● Data provided:
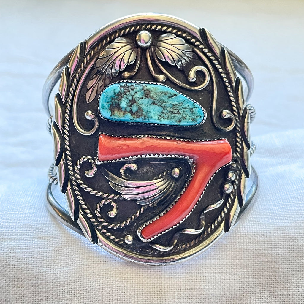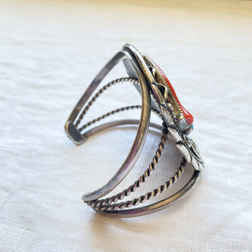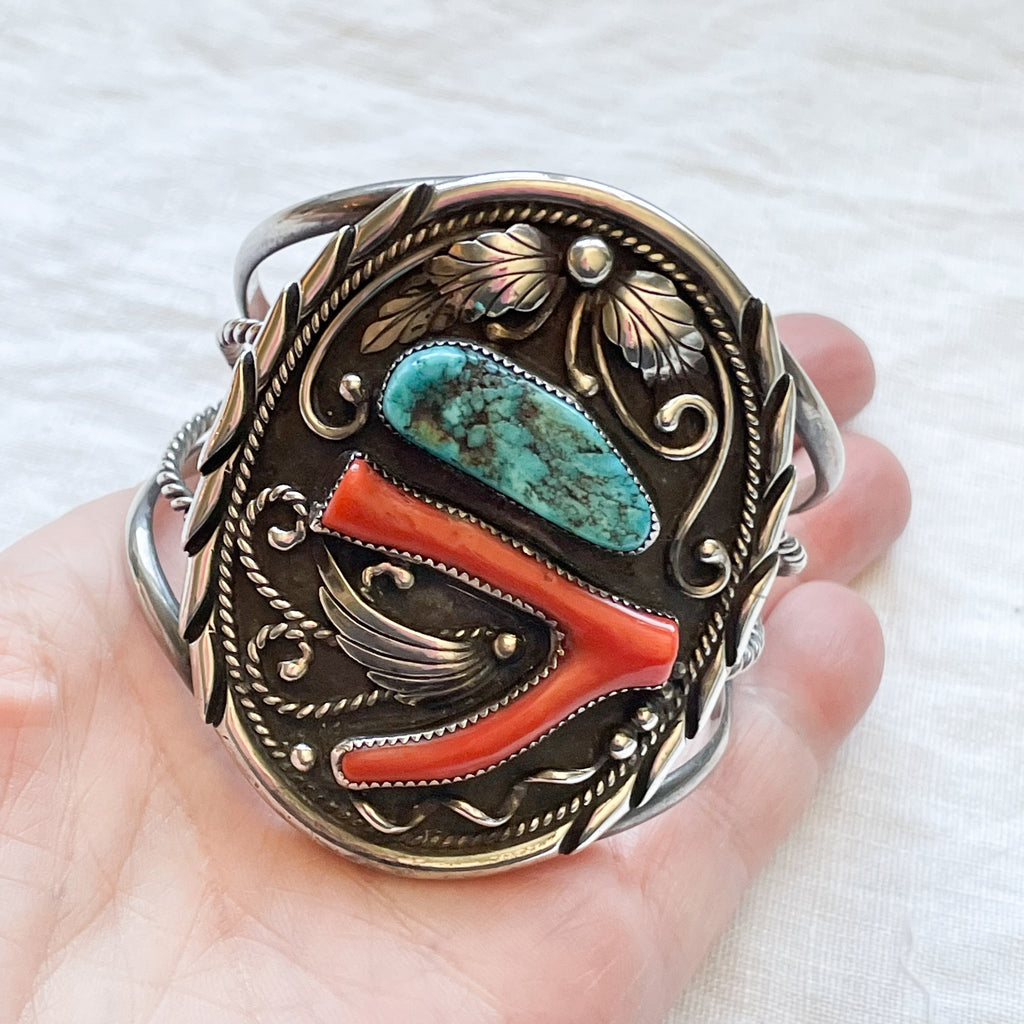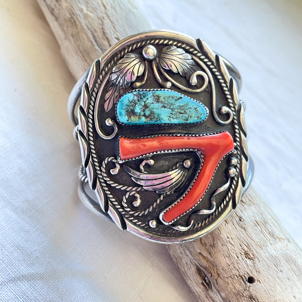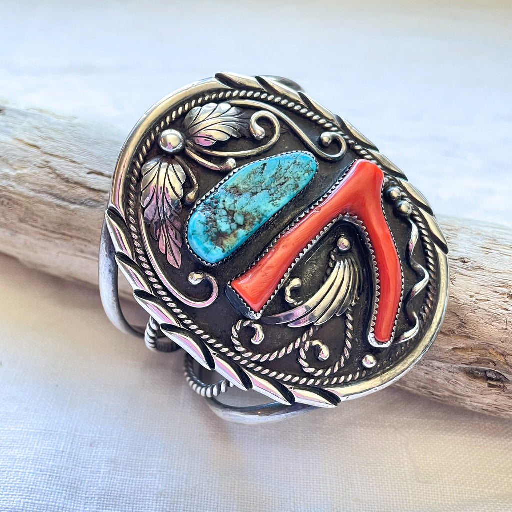 Beautiful vintage sterling silver, coral turquoise cuff bracelet.
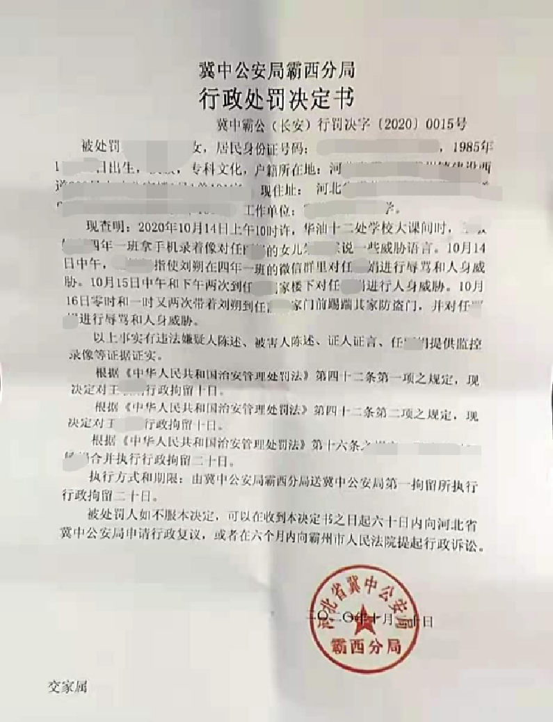 12月1日,河北省冀中公安局霸西分局發佈通報稱,舉報者王女士系因侮辱、威脅人身安全和擾亂單位秩序,被合併執行行政拘留20日。
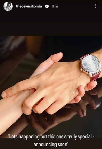 ఒక అమ్మాయి చేతిలో చెయ్యి వేసిన ఫొటోను విజయ్ షేర్ చేశాడు. దీనికి ఒక క్యాప్షన్ కూడా పెట్టాడు. ‘ఎన్నో జరుగుతున్నాయి. కానీ ఇది నిజంగా ప్రత్యేకం. త్వరలోనే చెపుతా’ అని రాశాడు. ఆ రెండో చెయ్యి ఎవరిది అనే సస్పెన్స్ ఇప్పుడు అభిమానుల్లో నెలకొంది. విజయ్ ప్రేమించిన అమ్మాయిదే అయి ఉంటుందని ఫ్యాన్స్ భావిస్తున్నారు. కొందరేమో అది రష్మిక మందన్న చెయ్యి అని ఫిక్స్ అవుతున్నారు. విజయ్ ఏదో సీక్రెట్ మ్యాటర్ చెప్పబోతున్నాడని మరి కొందరు అంటున్నారు. విషయం ఏమిటనేది అర్థం కావాలంటే విజయ్ చెప్పేంత వరకు ఆగాల్సిందే.
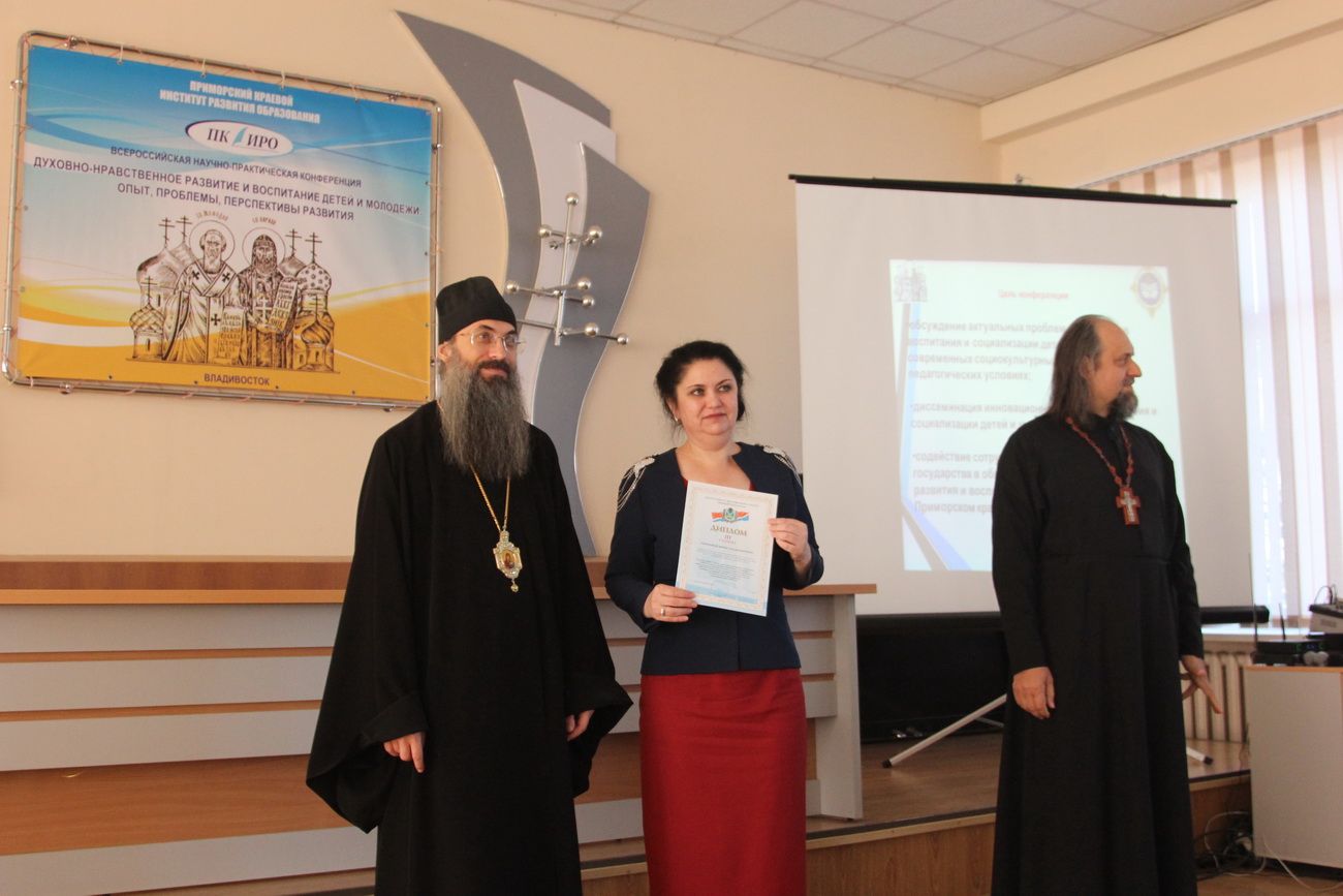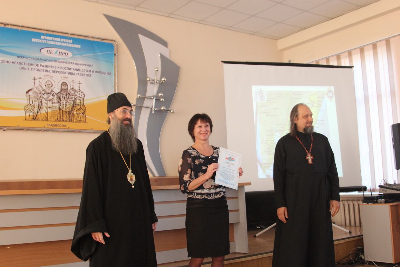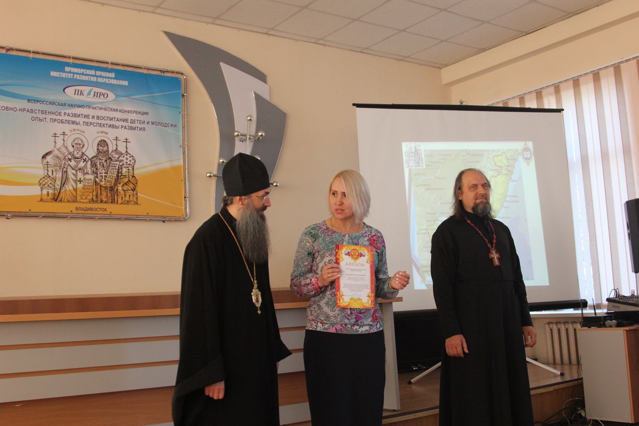 Владивосток. 2 октября 2018 года в Приморском краевом институте работников образования состоялось награждение участников регионального конкурса учителей. Епископ Уссурийский Иннокентий, викарий Владивостокской епархии вручил награды победителям регионального этапа Всероссийского конкурса в области педагогики, работы с детьми и молодежью до 20 лет «За нравственный подвиг учителя». Конкурс проводится Министерством образования и науки Российской Федерации совместно с Синодальным отделом религиозного образования и катехизации.
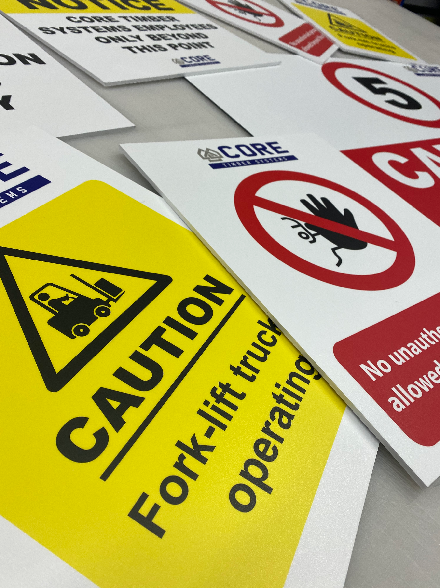 Durable engraved traffolyte safety signs and labels. Perfect for office, public and industrial environments as the material is extremely durable.
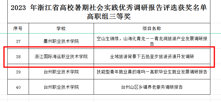 近日,由中共浙江省委宣传部、浙江省教育厅、共青团浙江省委、浙江省学生联合会等部门联合主办的2023年浙江省高校暑期社会实践优秀调研报告评选决赛圆满结束。全省共有94所高校限额推报606份调研报告参与评选,我校共推报6项作品,其中由王静飞、孙峰、潘以宁老师指导的《全域旅游背景下五色登步旅游资源开发调研》荣获高职组三等奖。
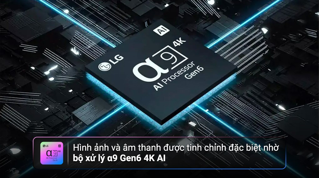 - Bộ xử lý α9 Gen6 4K AI tinh chỉnh hình ảnh, âm thanh với trí tuệ nhân tạo AI mang đến cho bạn trải nghiệm nghe nhìn vượt trội, tận hưởng trực quan thế giới sinh động qua màn hình tivi.
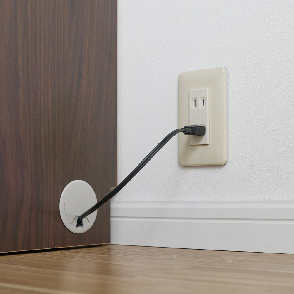 コード類は配線穴で設置後の内部配線が可能。
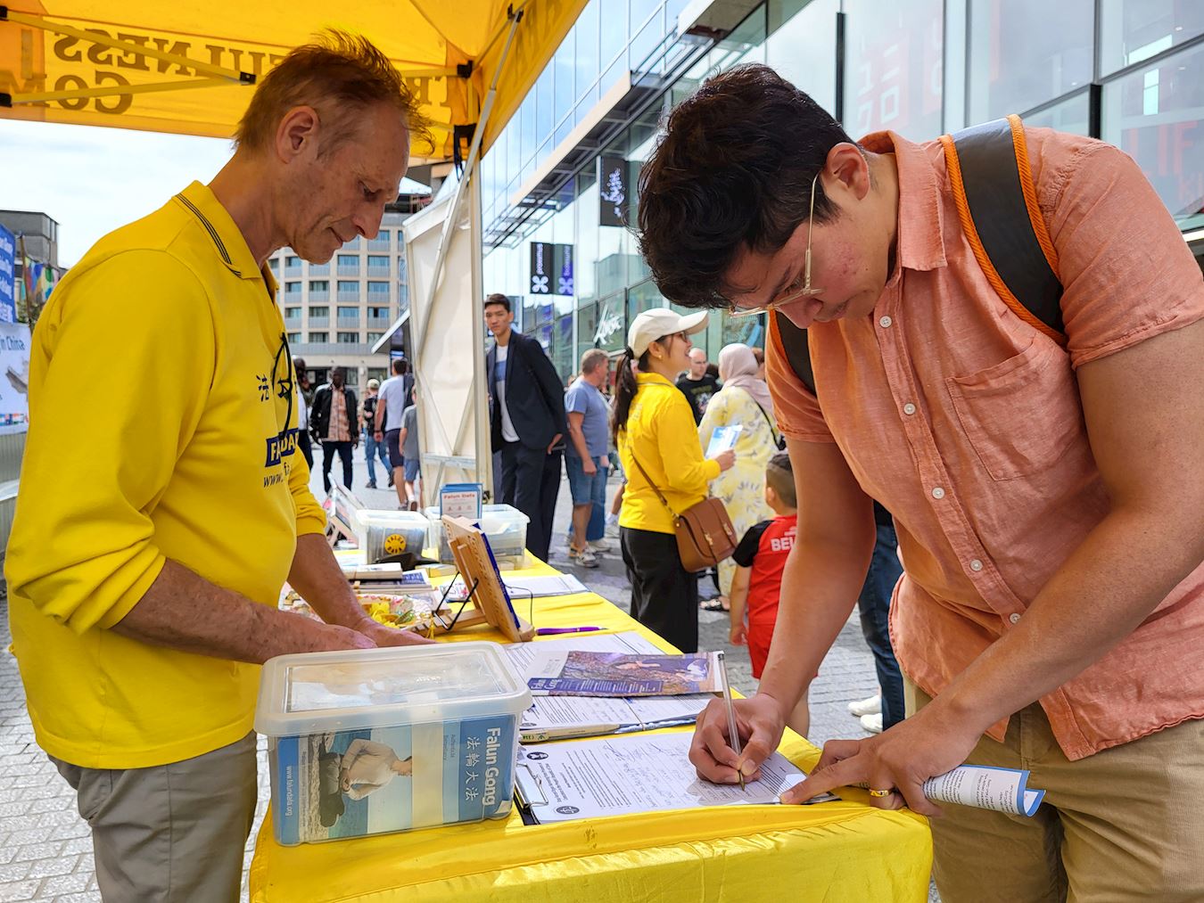 尼克拉斯(Nicolas)與學員交談了解法輪功和迫害真相,並簽名反活摘。
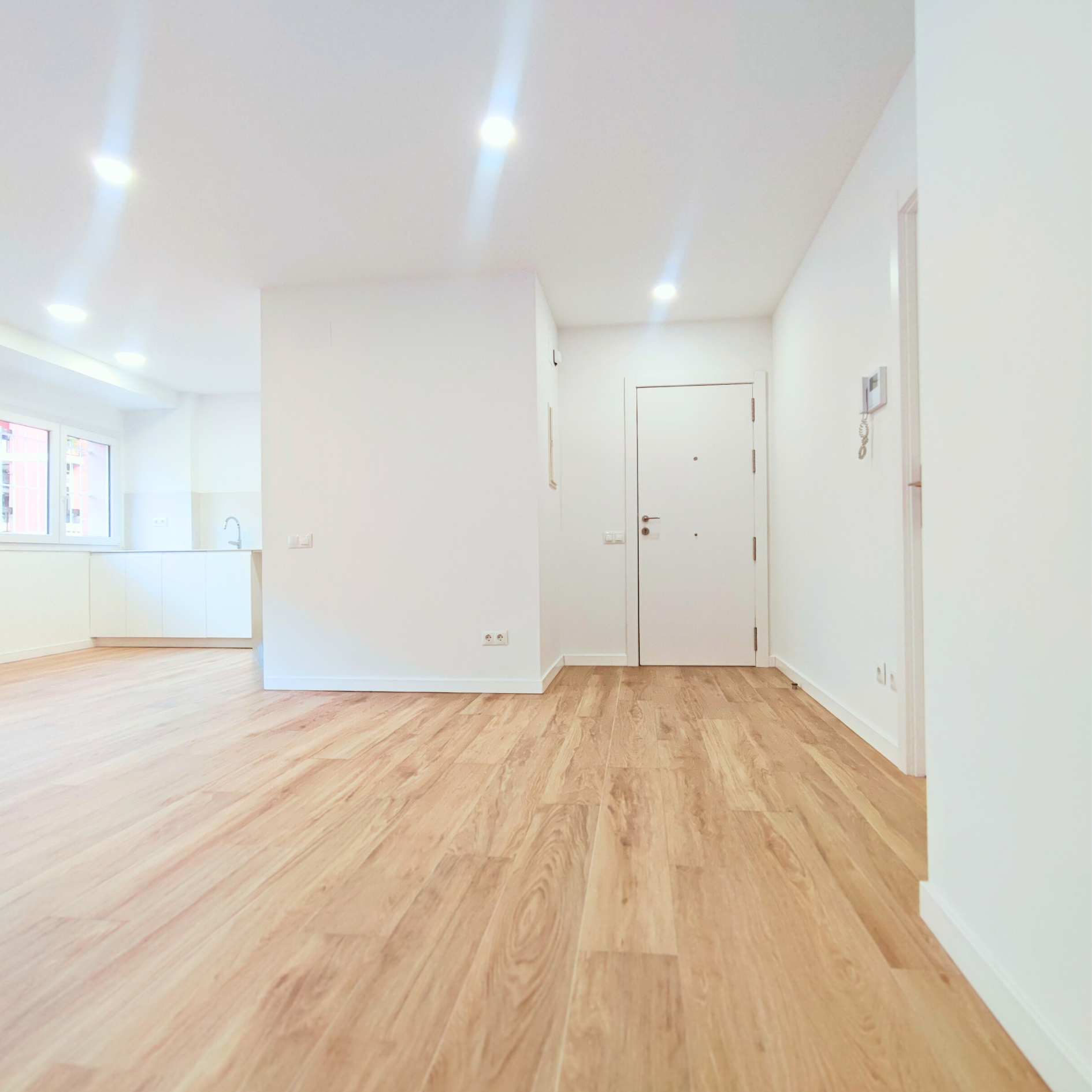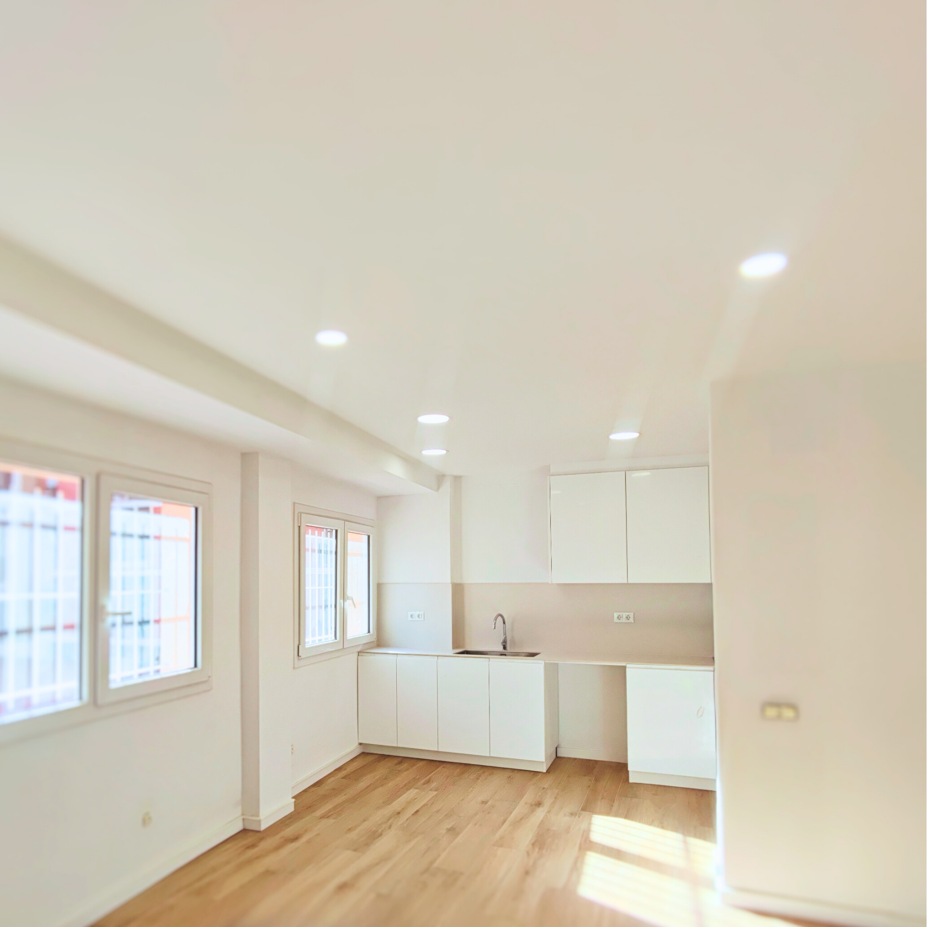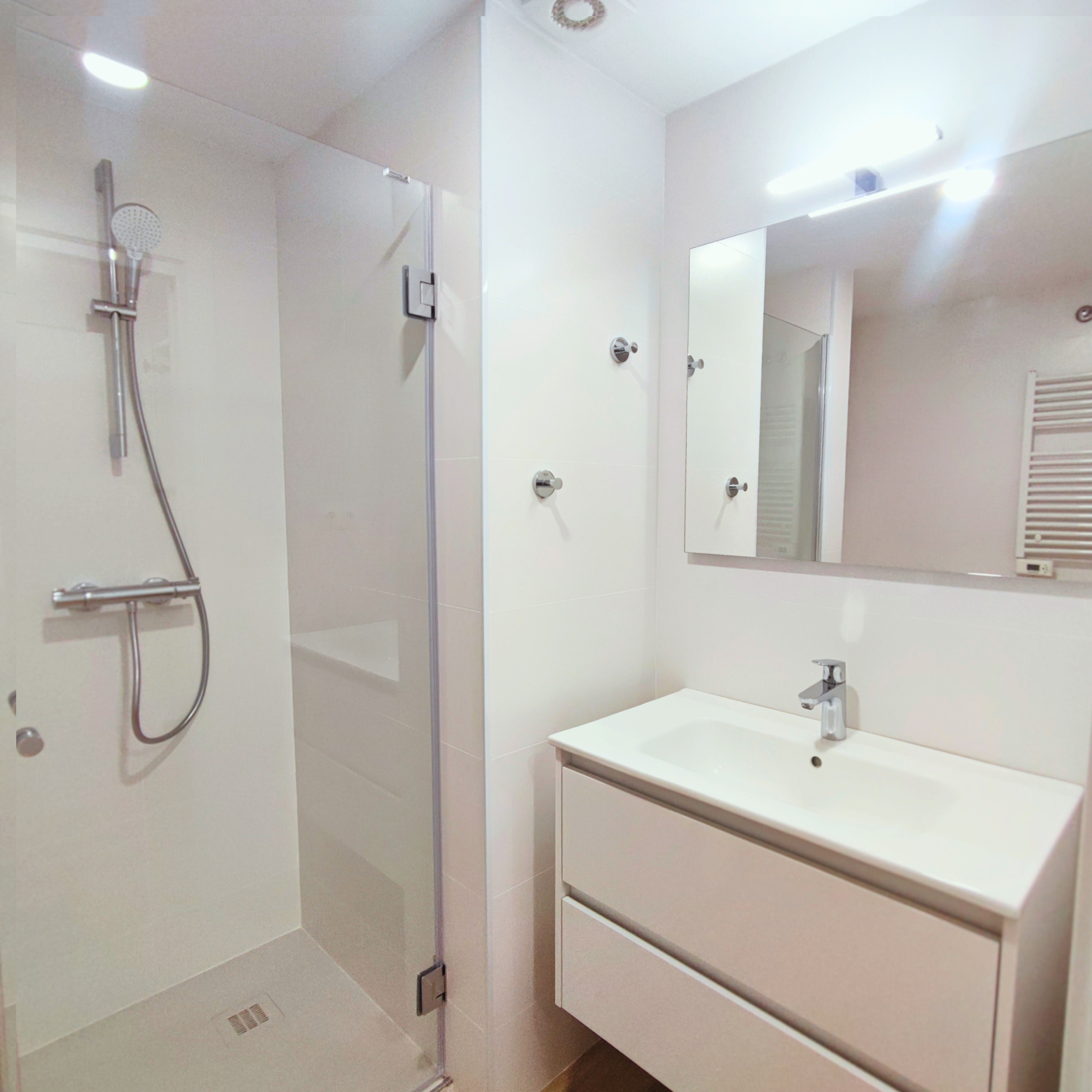 Un antiguo entresuelo de oficinas de los años 70 debía transformarse en vivienda cumpliendo la normativa actual. El proyecto exigía resolver eficiencia energética, ventilación y el saneamiento de dos baños, uno de ellos accesible, dentro de una distribución muy condicionada por los bajantes del edificio.

● How to complete this task:
Starting at the line that holds "近日,由中共浙江省委宣传部、", repeat every line through the end of the listing exactly as written, skipping any picture.

● Task result:
 近日,由中共浙江省委宣传部、浙江省教育厅、共青团浙江省委、浙江省学生联合会等部门联合主办的2023年浙江省高校暑期社会实践优秀调研报告评选决赛圆满结束。全省共有94所高校限额推报606份调研报告参与评选,我校共推报6项作品,其中由王静飞、孙峰、潘以宁老师指导的《全域旅游背景下五色登步旅游资源开发调研》荣获高职组三等奖。
 - Bộ xử lý α9 Gen6 4K AI tinh chỉnh hình ảnh, âm thanh với trí tuệ nhân tạo AI mang đến cho bạn trải nghiệm nghe nhìn vượt trội, tận hưởng trực quan thế giới sinh động qua màn hình tivi.
 コード類は配線穴で設置後の内部配線が可能。
 尼克拉斯(Nicolas)與學員交談了解法輪功和迫害真相,並簽名反活摘。
 Un antiguo entresuelo de oficinas de los años 70 debía transformarse en vivienda cumpliendo la normativa actual. El proyecto exigía resolver eficiencia energética, ventilación y el saneamiento de dos baños, uno de ellos accesible, dentro de una distribución muy condicionada por los bajantes del edificio.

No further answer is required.